Learn, understand, and implement deep neural networks in a math- and programming-friendly approach using Keras and Python. The book focuses on an end-to-end approach to developing supervised learning algorithms in regression and classification with practical business-centric use-cases implemented in Keras. The overall book comprises three sections with two chapters in each section. The first section prepares you with all the necessary basics to get started in deep learning. Chapter 1 introduces you to the world of deep learning and its difference from machine learning, the choices of frameworks for deep learning, and the Keras ecosystem. You will cover a real-life business problem that can be solved by supervised learning algorithms with deep neural networks. You’ll tackle one use case for regression and another for classification leveraging popular Kaggle datasets. Later, you will see an interesting and challenging part of deep learning: hyperparameter tuning; helping you further improve your models when building robust deep learning applications. Finally, you’ll further hone your skills in deep learning and cover areas of active development and research in deep learning. At the end of Learn Keras for Deep Neural Networks, you will have a thorough understanding of deep learning principles and have practical hands-on experience in developing enterprise-grade deep learning solutions in Keras. What You’ll Learn Master fast-paced practical deep learning concepts with math- and programming-friendly abstractions. Design, develop, train, validate, and deploy deep neural networks using the Keras framework Use best practices for debugging and validating deep learning models Deploy and integrate deep learning as a service into a larger software service or product Extend deep learning principles into other popular frameworks Who This Book Is For Software engineers and data engineers with basic programming skills in any language and who are keen on exploring deep learning for a career move or an enterprise project.

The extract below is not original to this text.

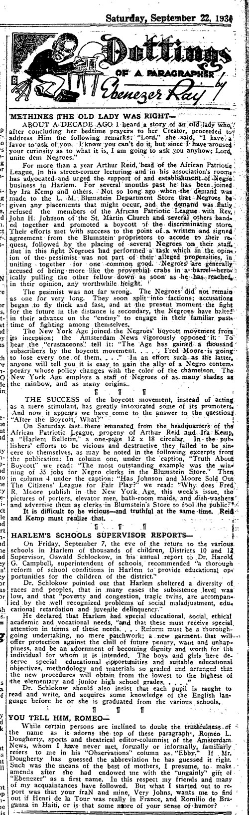 Looking for something fresh to write about on Election Day, I searched my father’s columns for wisdom from the past. A footnote in a column published in the New York Age on November 3, 1934, implored readers to elect “Mrs. Eunice Carter” to the New York State Assembly. The name had a familiar ring. Five […]

Practical Deep Learning With Keras And Python
DOWNLOAD
Author : Mohammad Nauman
language : en
Publisher:
Release Date : 2018
Practical Deep Learning With Keras And Python written by Mohammad Nauman and has been published by this book supported file pdf, txt, epub, kindle and other format this book has been release on 2018 with categories.

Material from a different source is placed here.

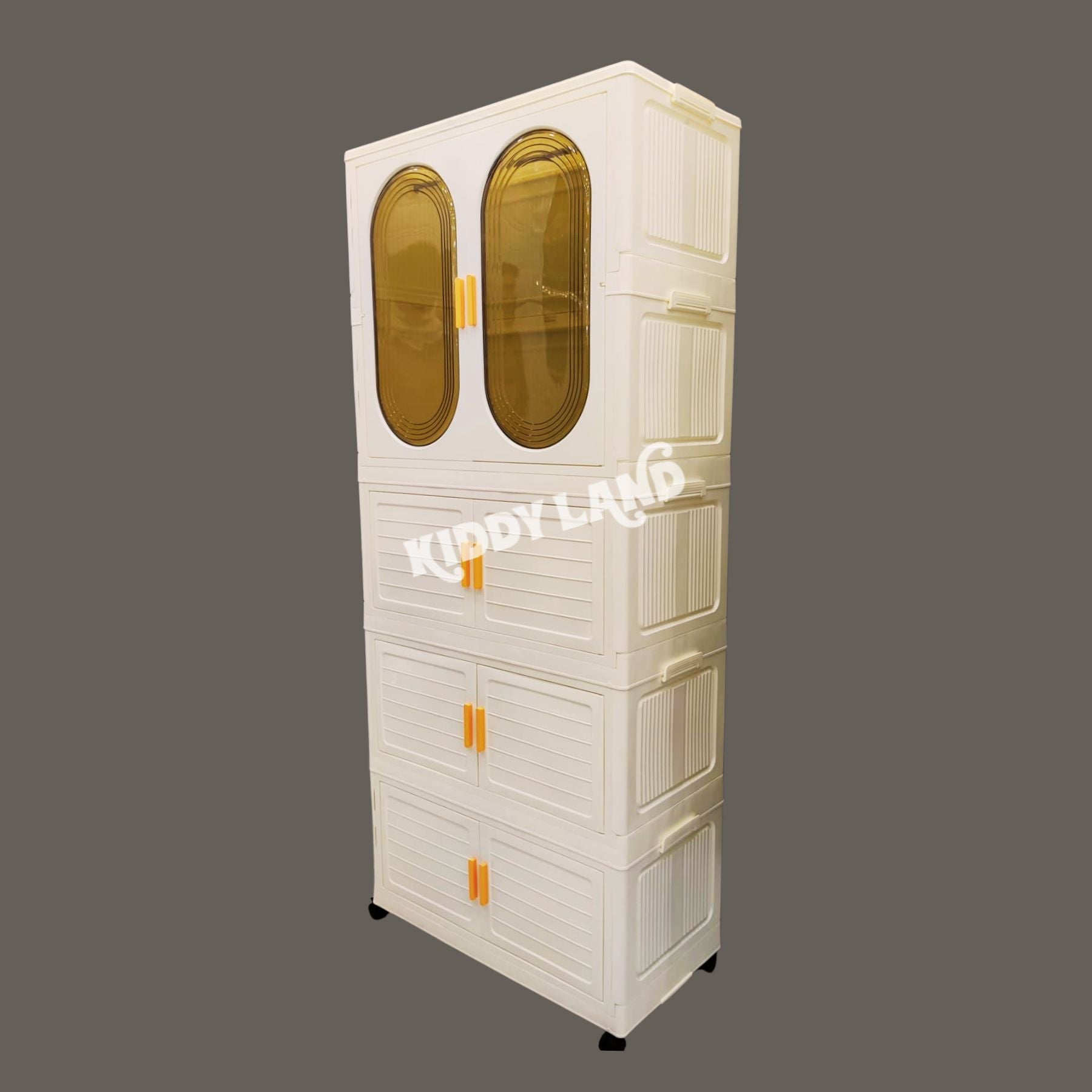 The wardrobe comes with multiple spacious cabinets, perfect for storing baby clothes, toys, books, and accessories. Its lightweight design makes it easy to move, while the strong structure ensures long-lasting use.

"This course is for you if you are new to Machine Learning but want to learn it without all the math. This course is also for you if you have tried to use a machine learning course but could never figure out how to use it to solve your own problems. In this course, we will start from scratch. So we will immediately start coding even before installation! You will see a brief bit of absolutely essential theory and then we will get into environment setup and explain almost all concepts through code. You will be using Keras, one of the easiest and most powerful machine learning tools out there. All this with only a few lines of code. All the examples used in the course come with starter code which will get you started and without the hard work."--Resource description page.

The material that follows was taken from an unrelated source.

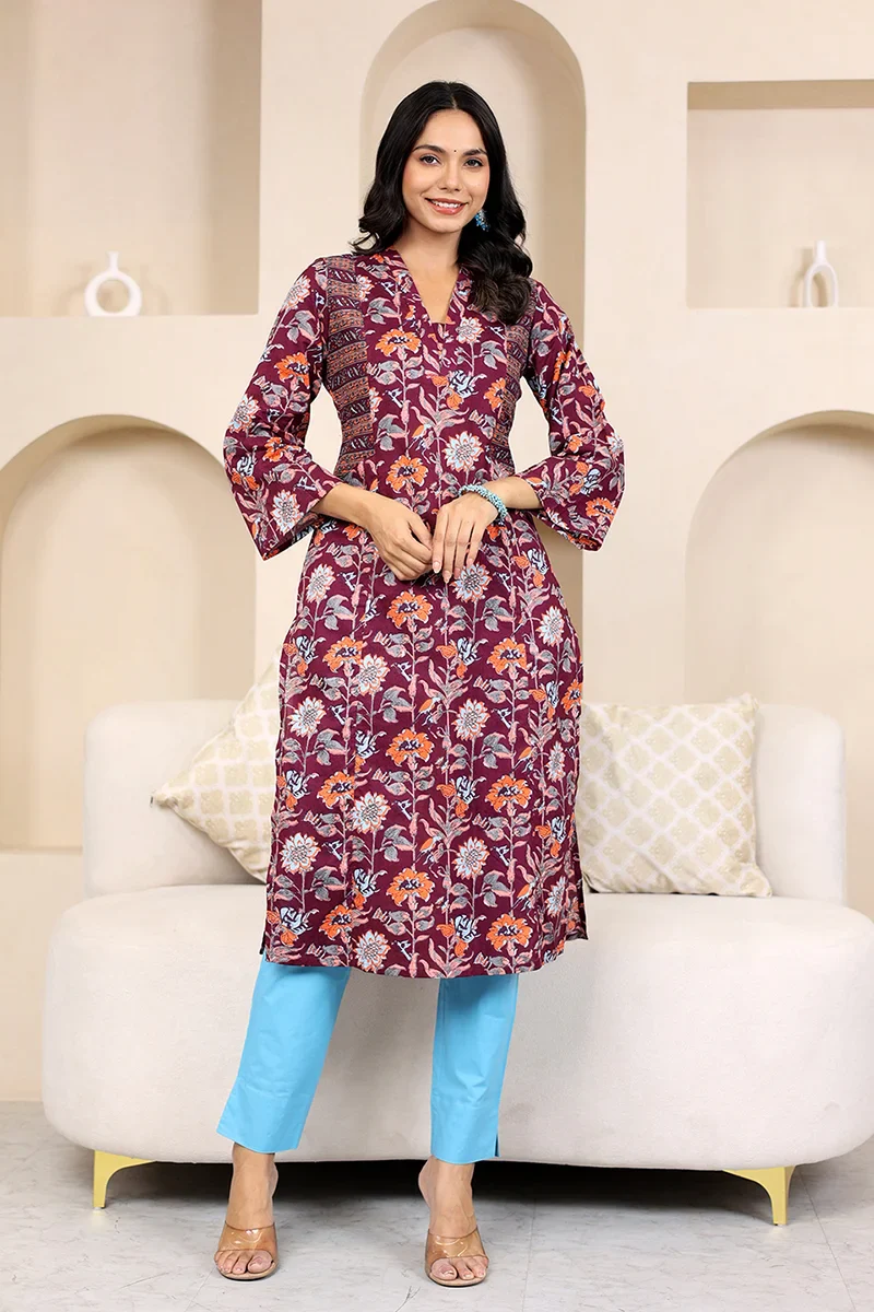 Dark Purple Straight Cotton Kurta with Printed Side Panels

Hands On Deep Learning Architectures With Python
DOWNLOAD
Author : Yuxi (Hayden) Liu
language : en
Publisher: Packt Publishing Ltd
Release Date : 2019-04-30
Hands On Deep Learning Architectures With Python written by Yuxi (Hayden) Liu and has been published by Packt Publishing Ltd this book supported file pdf, txt, epub, kindle and other format this book has been release on 2019-04-30 with Computers categories.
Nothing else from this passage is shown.